■ WORK REQUIRED
Beginning with the line that contains "Çinli futbolcu Tian" in the material below, print each line exactly until the line that contains "Allí, pudimos verla" has been printed, then stop.

━━━ RECORD EXCERPTS

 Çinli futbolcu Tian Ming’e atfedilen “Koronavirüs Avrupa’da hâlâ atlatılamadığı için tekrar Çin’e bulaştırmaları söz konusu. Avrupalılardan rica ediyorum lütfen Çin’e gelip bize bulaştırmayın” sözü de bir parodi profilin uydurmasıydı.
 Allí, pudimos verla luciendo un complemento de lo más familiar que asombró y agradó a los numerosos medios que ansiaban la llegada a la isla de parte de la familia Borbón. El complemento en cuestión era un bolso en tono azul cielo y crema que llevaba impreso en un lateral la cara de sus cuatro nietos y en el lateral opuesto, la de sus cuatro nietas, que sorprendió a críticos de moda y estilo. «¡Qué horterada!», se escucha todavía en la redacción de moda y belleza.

━━━━━━
━━━ RECORD EXCERPTS

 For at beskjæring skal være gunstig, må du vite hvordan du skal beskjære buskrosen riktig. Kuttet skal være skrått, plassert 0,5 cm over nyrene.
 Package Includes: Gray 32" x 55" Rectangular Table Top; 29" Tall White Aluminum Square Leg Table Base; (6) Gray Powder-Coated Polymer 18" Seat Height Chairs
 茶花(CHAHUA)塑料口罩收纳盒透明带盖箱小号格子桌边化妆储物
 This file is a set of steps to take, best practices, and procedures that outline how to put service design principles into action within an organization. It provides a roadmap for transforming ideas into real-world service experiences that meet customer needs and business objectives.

━━━━━━
━━━ RECORD EXCERPTS

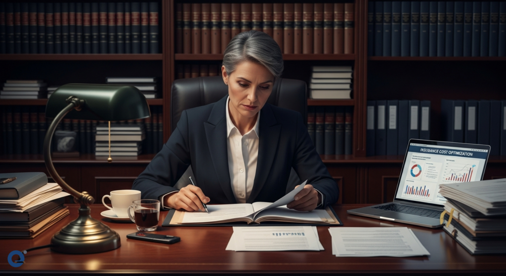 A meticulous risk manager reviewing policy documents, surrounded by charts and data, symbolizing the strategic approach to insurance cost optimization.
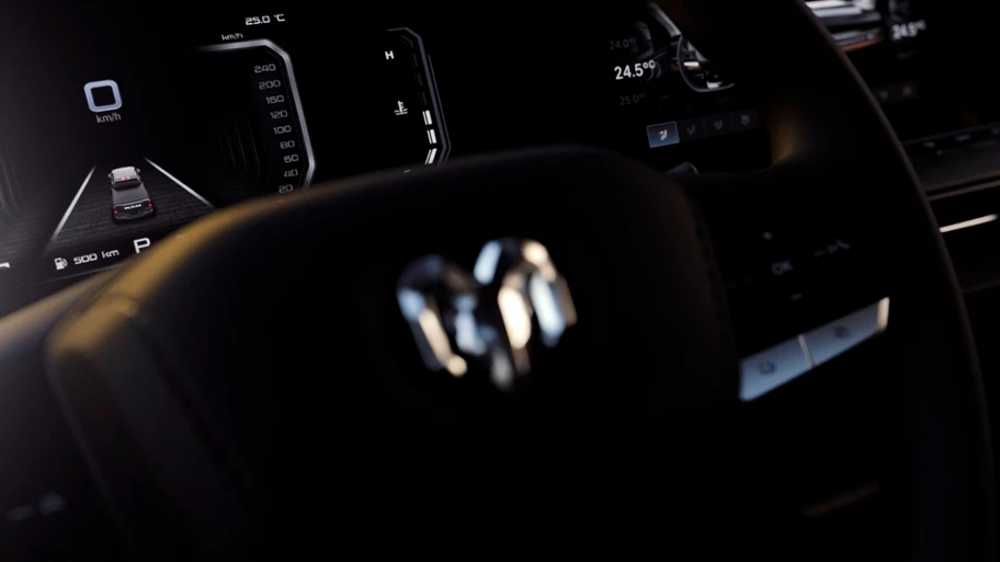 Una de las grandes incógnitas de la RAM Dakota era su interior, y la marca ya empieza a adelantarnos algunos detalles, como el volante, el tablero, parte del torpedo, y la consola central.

━━━━━━

■ THE COMPLETED TASK
 Çinli futbolcu Tian Ming’e atfedilen “Koronavirüs Avrupa’da hâlâ atlatılamadığı için tekrar Çin’e bulaştırmaları söz konusu. Avrupalılardan rica ediyorum lütfen Çin’e gelip bize bulaştırmayın” sözü de bir parodi profilin uydurmasıydı.
 Allí, pudimos verla luciendo un complemento de lo más familiar que asombró y agradó a los numerosos medios que ansiaban la llegada a la isla de parte de la familia Borbón. El complemento en cuestión era un bolso en tono azul cielo y crema que llevaba impreso en un lateral la cara de sus cuatro nietos y en el lateral opuesto, la de sus cuatro nietas, que sorprendió a críticos de moda y estilo. «¡Qué horterada!», se escucha todavía en la redacción de moda y belleza.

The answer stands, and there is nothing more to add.